Pung Xuanming, Hong Daniel Zhihao, Ho Tzyy Yeou, Shen Xiayan, Tan Pei Ting, Yeo Colin, Tan Vern Hsen

机构信息

Department of Cardiology Changi General Hospital Singapore City Singapore.

Yong Loo Lin School of Medicine National University of Singapore Singapore City Singapore.

出版信息

J Arrhythm. 2022 Jan 15;38(2):177-186. doi: 10.1002/joa3.12675. eCollection 2022 Apr.

Abstract

This meta-analysis aims to evaluate the performance of atrial sensing dipole in single lead implantable cardioverter defibrillator (VDD-ICD) recipients in particular diagnosing new-onset atrial high-rate episodes (AHREs) defined as rate threshold of 200 beats per minute, or subclinical atrial fibrillation (SCAF) defined as device-detected AF without symptoms. We comprehensively searched PubMed, Embase, and ClinicalTrials.gov. Studies comparing contemporary single- and dual-chamber ICD (VVI-/DDD-ICD) versus VDD-ICD were included. Restricted maximum likelihood method for random effect model and Mantel-Haenszel method for fixed effect model were used to estimate the effect size of new-onset AHREs, or SCAF detection in each group. Three prospective studies were identified and total of 991 participants were included. There were 330 (33.3%) in VDD-ICD and 661 (66.7%) in VVI-/DDD-ICD. Most (78%) participants were men. Median follow-up was from 365 days to 847 days. VDD-ICD has a higher likelihood of detecting AHREs or SCAF as compared to VVI-/DDD-ICD [(OR random effect : 2.6; 95% CI: 1.2, 5.8; = .018); I-squared = 67.8%, = .019]. This difference was more apparently seen in the comparison between VDD-ICD and VVI-ICD [(OR random effect: 3.8; 95% CI: 2.1, 6.6, < .001), I-squared = 0.0%, = .518]. The result is same as fixed effect. Rate of AHREs detection observed in VDD-ICD was not statistically different when compared to the only group with DDD-ICD from SENSE trial.
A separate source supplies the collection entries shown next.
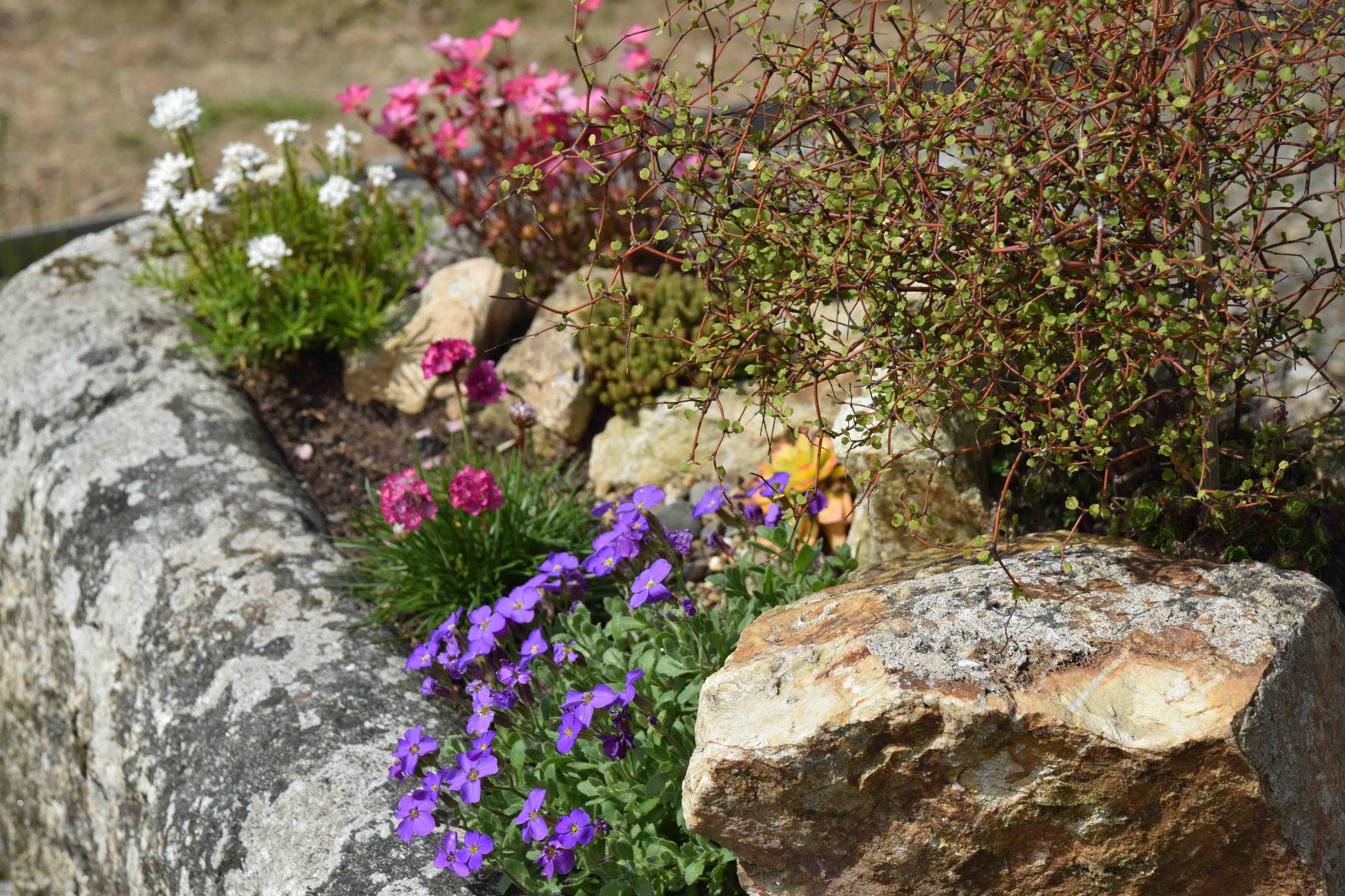 The stone trough is looking colourful too. I had to make some big changes to this. The small prunus was removed because it had bacterial blight and I was not prepared to tolerate that. The saxifrages looked sad too and, after investigation, I discovered that the roots were full of vine weevil grubs. I must have bought these in with the plants and I decided to remove the plants and as much soil as possible and replant the lot. I could not get ‘fine’ alpines that the trough deserves and had to buy what was available and although these are common plants they look attractive and can always be moved later.
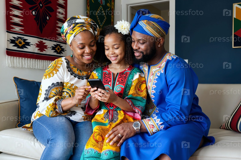 Черная семья использует смартфон вместе для цифровой коммуникации
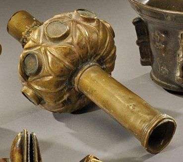 Noeud de croix de procession en cuivre doré La partie supérieure à motif gothique, la panse ornée de cabochons ronds décorés de croix de Malte et de rosaces gravées, la base cylindrique légérement évasée. XVe siècle (soudures au plomb, usures à la dorure) H: 24 cm
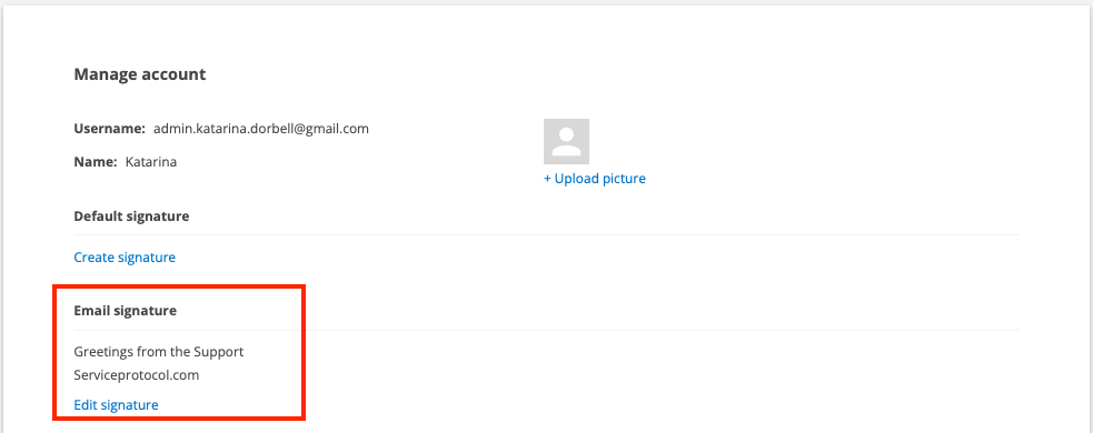 Then you add an email signature in your account settings. This is then your personal signature and is automatically added after a message you have created as above. The signature will not be displayed unless you have selected one of your templates.
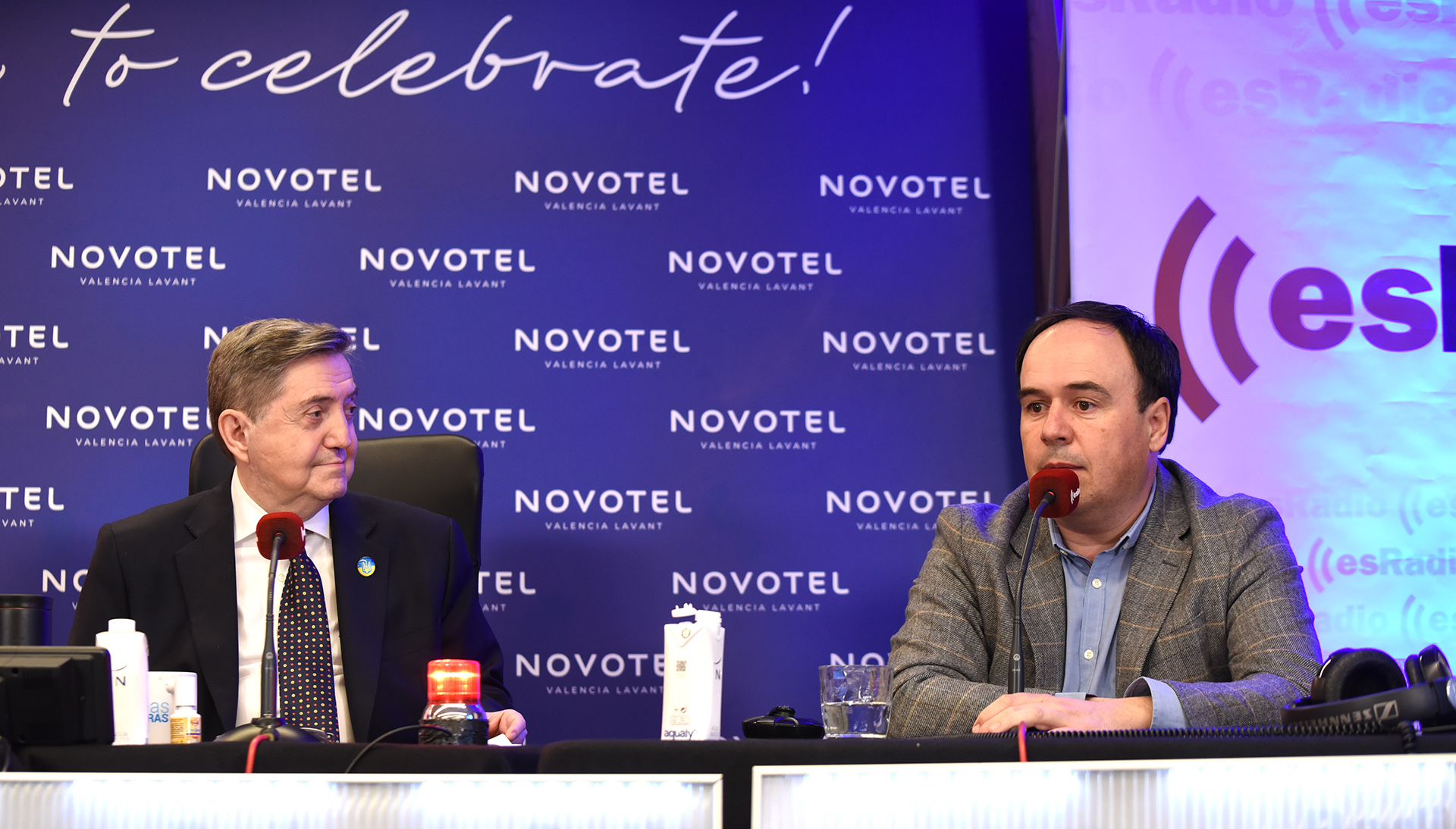Rodrigo Gomes, director del Hotel Novotel de Valencia junto Federico Jiménez Losantos en el programa especial celebrado en Valencia.

In conclusion, this meta-analysis reveals that the use of floating atrial sensing dipole in VDD-ICD increases the detection of new-onset AHREs or SCAF when compared to VVI-ICD, with similar atrial sensing performance to DDD-ICD.

摘要

这项荟萃分析旨在评估单腔植入式心律转复除颤器(VDD-ICD)患者中的心房感知偶极的性能,特别是用于诊断定义为每分钟200次心跳的心率阈值的新发房性高率发作(AHREs),或定义为设备检测到但无症状的亚临床房颤(SCAF)。我们全面检索了PubMed、Embase和ClinicalTrials.gov。纳入了比较当代单腔和双腔ICD(VVI-/DDD-ICD)与VDD-ICD的研究。使用随机效应模型的受限最大似然法和固定效应模型的Mantel-Haenszel法来估计每组中新发AHREs或SCAF检测的效应大小。确定了三项前瞻性研究,共纳入991名参与者。VDD-ICD组有330名(33.3%),VVI-/DDD-ICD组有661名(66.7%)。大多数(78%)参与者为男性。中位随访时间为365天至847天。与VVI-/DDD-ICD相比,VDD-ICD检测AHREs或SCAF的可能性更高[(随机效应OR:2.6;95%CI:1.2,5.8;P = 0.018);I² = 67.8%,P = 0.019]。这种差异在VDD-ICD与VVI-ICD的比较中更为明显[(随机效应OR:3.8;95%CI:2.1,6.6,P < 0.001),I² = 0.0%,P = 0.518]。固定效应结果相同。与SENSE试验中唯一的DDD-ICD组相比,VDD-ICD中观察到的AHREs检测率无统计学差异。总之,这项荟萃分析表明,与VVI-ICD相比,VDD-ICD中使用浮动心房感知偶极可增加新发AHREs或SCAF的检测,其心房感知性能与DDD-ICD相似。